Oregon shooting: Survivor ‘saved by victim’s blood’
An official says the gunman who killed nine people at an Oregon community college left a “manifesto” that was a couple pages long.
Former neighbors have identified the man in these photos as Chris Harper Mercer who went on a deadly shooting rampage at an Oregon college and died in an exchange of gunfire with police on Thursday, October 1, 2015. No one answered the phone number listed for the address, where investigators recovered two pistols, four rifles and one shotgun, in addition to six weapons the shooter took to the college.

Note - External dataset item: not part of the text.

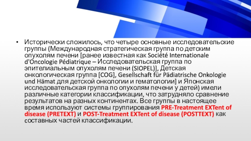Pédiatrique – Исследовательская группа по эпителиальным опухолям печени (SIOPEL)], Детская онкологическая группа [COG], Gesellschaft für Pädiatrische Onkologie und Hämat для детской онкологии и гематологии] и Японская исследовательская группа по опухолям печени у детей) имели различные категории классификации, что затрудняло сравнение результатов на разных континентах. Все группы в настоящее время используют системы группирования PRE-Treatment EXTent of disease (PRETEXT) и POST-Treatment EXTent of disease (POSTTEXT) как cоставных частей классификации.

“I’m not trying to say that is to blame for what happened, but if Chris had not been able to get hold of 13 guns it wouldn’t have happened”.
Ian Mercer, the father of the Umpqua Community College shooter, Chris Harper-Mercer, talks to reporters in a Los Angeles suburb.
“I know words can not bring families back”.
He said the NRA were “effective but don’t represent the American people”.
Harper-Mercer was enrolled in the class, but officials have not disclosed a possible motive for the killings.
The mother of one of the nine people injured in the carnage said her 16-year-old daughter saw Mercer single out a student and hand him an envelope before ordering the other students to move to the middle of the classroom.
The daughter wiped away tears as her father told the story of how she survived as the gunman slaughtered her classmates.
Fitzgerald was struck just below her shoulder blade by a bullet that clipped her lung and lodged in her kidney, which had to be removed in surgery, her family said.
Sad journey… Students return to Umpqua Community College to retrieve their cars and belongings after last week’s school shooting.
Scroggins also said his daughter heard the gunman tell one victim he would spare that person’s life if the student begged, then shot the begging victim anyway.
Mercer’s weapons had been purchased legally over the past three years, a few by him, others by relatives, said Celinez Nunez, assistant field agent for the Seattle division of the Bureau of Alcohol, Tobacco and Firearms. He echoed the same calls for gun control that have bitterly divided United States lawmakers and the public at large. Mercer says he had not seen his son in the past two years.
At an apartment complex where Harper-Mercer and his mother lived in Southern California, neighbours remembered him as a quiet, odd young man who rode a red bike.
US President Barack Obama has cited Australia’s successful gun laws while advocating change in the wake of another mass shooting. Grieving families began to share details of their loved ones.
Meanwhile, Roseburg fire chief Greg Marlar told a press conference that the slain students included the son of a local firefighter and the niece of another. Another rescuer lost his niece.
The intervention of another student, Chris Mintz, 30, a US Army combat veteran who served in Iraq, may have played a key role in preventing a higher casualty toll.
So far the Sherif ” s office alleges that Mercer might have suffered from mental problems and could have been inspired by previous mass shootings that took place across the US.
According to data compiled by the group Everytown for Gun Safety, there have been 142 school shootings in the United States since the Sandy Hook massacre.